Rather than a spatial fix of relocating dementia care to the global south, this current research examines how automation and robotisation is being implemented and imagined as a salve to a systemic labour shortage of care workers in the global north.
Through expert interviews with roboticists, tech companies, and local government providers of social care in the UK, the work seeks to better understand the political economy of new robot technologies, how digitization is driving the financialization of our health care data, and how automation is radically reconfiguring existing care practices and possibly reinforcing gendered and racialized care labour.
This work began by examining the development and deployment of social robots in UK to address care shortages and an epidemic of loneliness:
(2023) Robots and care of the aging private self. Environment and Planning A 55, 8, pp. 2051-2066.
(2023) In the wake of the pandemic, reworking the labors of care: A conversation between Cindi Katz, Caleb Johnston and Geraldine Pratt. In Working Future, edited by D Eisenburg and E Rothenberg. University of Chicago Press.

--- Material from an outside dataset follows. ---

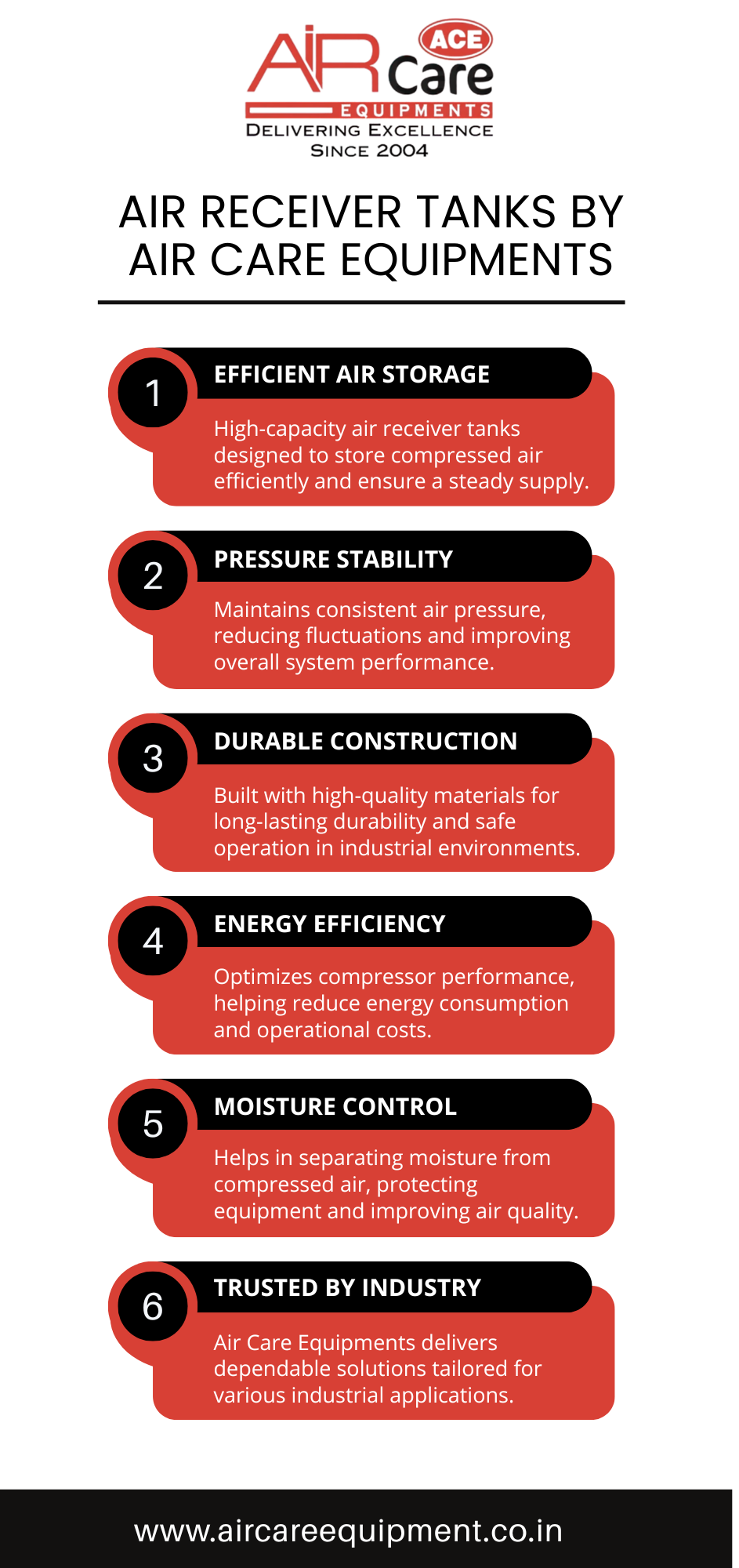 Air Care Equipments offers industrial air receiver tanks designed for optimal air storage and consistent pressure control. Our tanks improve compressor efficiency, reduce load cycles, and enhance overall system performance. Ideal for various industries, they ensure durability, safety, and reliable operation.

Recently, we’ve been documenting emerging partnerships between local UK authorities and private technology companies. The focus has been to understand how the UK’s social care infrastructure is being radically reimagined through different technologies. Who will deliver caring futures in the UK? Who is absorbing the fiscal risk of technological innovation? Who is profiting? And what are the limits of technology as a response to our care crisis?
(2024) Automating adult social care in the UK: Extracting value from a crisis. Geoforum, epub ahead of publication.